Recently the University of York released a study indicating that magnetic bracelets are inneffective at reducing arthritis pain.
In this scam alone, millions of dollars have been wasted by people hoping for a solution to their pain - swindled away from them by people falsely claiming the effectiveness of their woo-woo.
While the study's results are not surprising, it raises an interesting point regarding such studies and the need for them. When a study, like the University of York's, comes out that shows that there is no benefit (at least not greater than placebo) to a treatment, it reaffirms, for many of us, what we've already assumed. This particular study was the first done on these specific claims in about 30 years - so, until now, we've had little (as skeptics) to point to to confirm our suspicions.
However, for most other "alternative" therapies, there are already substantial and consistent studies showing the ineffectiveness (or dangers) yet people continue to subscribe to such irrationality. Countless studies have shown that reflexology, chiropractic, aromatherapy, homeopathy and most other alternative "medicines" or "therapies" are not effective and can be deadly/dangerous.
The problem is a difficult one to tackle but it is something that NEEDS to happen. I am not sure that doing the studies, however, solves much.
If a scientific study was all that was necessary to change the minds of people, chiropractic (at least as we know it), reflexology, homeopathy, ear candling, aromatherapy, acupuncture and many more services would be non-existent. Psychics, faith healers, preachers, dowsers, priests, sorcerers, witches and many others would be out of business.

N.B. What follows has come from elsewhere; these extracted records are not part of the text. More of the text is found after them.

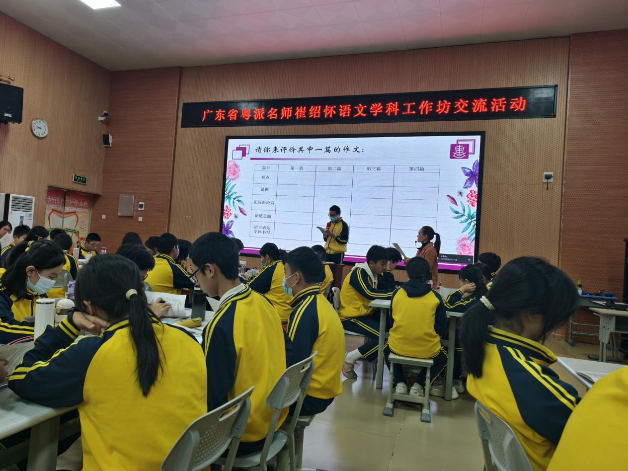 广东省粤派名师崔绍怀语文学科工作坊的成员曾小玲老师执教了一节《一分钟讲话训练在初中语文作文讲评中的应用》的作文讲评课。曾老师以学习金字塔理论为基础,设计了一节以学生为学习主体的展评课。课堂给学生搭起了议论文的赏析框架,让学生有更明确的评价切入点。惠州市惠南学校九(3)班的同学在课堂上充分发挥学习主体的积极性,积极上台分享自己对于议论文写作的赏析,从确立观点到材料的筛选再到论证思路的评析,每位同学先在小组展示自己的看法。最后由各组代表向全体师生展示自己的作文评析。
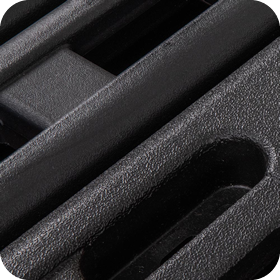 PE環保材質床板 特殊的橢圓形凹槽設計與透氣氣孔。
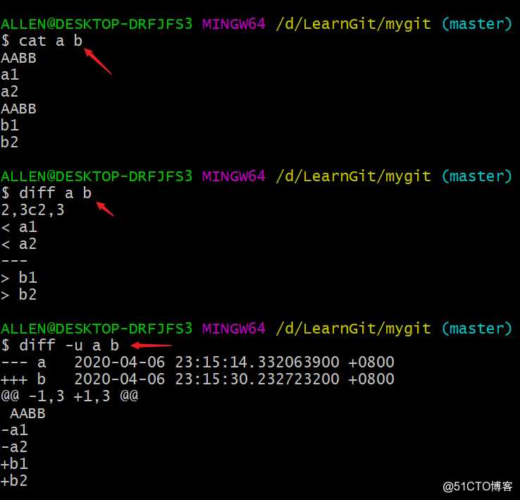 这是系统提供的比较命令,用于比较本地文件或已经提交到版本库的文件。创建文件a和文件b,使用上述指令进行比较:
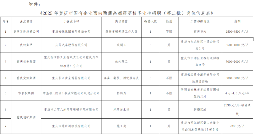 为进一步用足用好2025年重庆市面向昌都籍高校毕业生提供国企就业岗位,提高岗位使用率,现结合第一批招聘情况,对第一批15个未达到岗位招聘条件的岗位进行补录招聘,现将招聘公告如下:
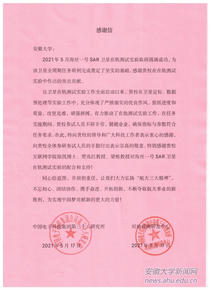 本网讯(科学技术处) 5月17日,中国电子科技集团第三十八研究所向我校发来感谢信,感谢我校为中国首颗商业SAR卫星海丝一号在轨测试实验成功作出突出贡献。

Society needs to return to respecting and supporting science and change to a "prove it" attitude for positive assertions/claims. We are wasting (yes, WASTING) unimaginable amounts of money debunking woo-woo - these dollars could be better spent on solving the problems that cause the symptoms in the first place.

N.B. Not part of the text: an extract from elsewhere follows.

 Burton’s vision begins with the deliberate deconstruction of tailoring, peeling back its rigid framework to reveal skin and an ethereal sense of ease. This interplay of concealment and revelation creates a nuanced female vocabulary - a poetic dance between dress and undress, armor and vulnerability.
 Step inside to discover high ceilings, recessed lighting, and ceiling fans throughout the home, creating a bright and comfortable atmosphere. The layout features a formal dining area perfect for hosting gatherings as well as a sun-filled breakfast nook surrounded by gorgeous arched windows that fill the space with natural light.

When someone makes a claim about something that just doesn't sound right - ask them for the evidence. You may just end up saving yourself some time and money - it could even save your life. (See the latest eSkeptic for information on How Chiropractic Kills)
Update: Since posting this, I visited www.sciencebasedmedicine.org and a recent article on Aggressive Quackery Marketing has some comments regarding people continuing to accept woo-woo even after science has shown it to be ineffective. View the comments - specifically by Dr. Benway (of Tufted Titmouse).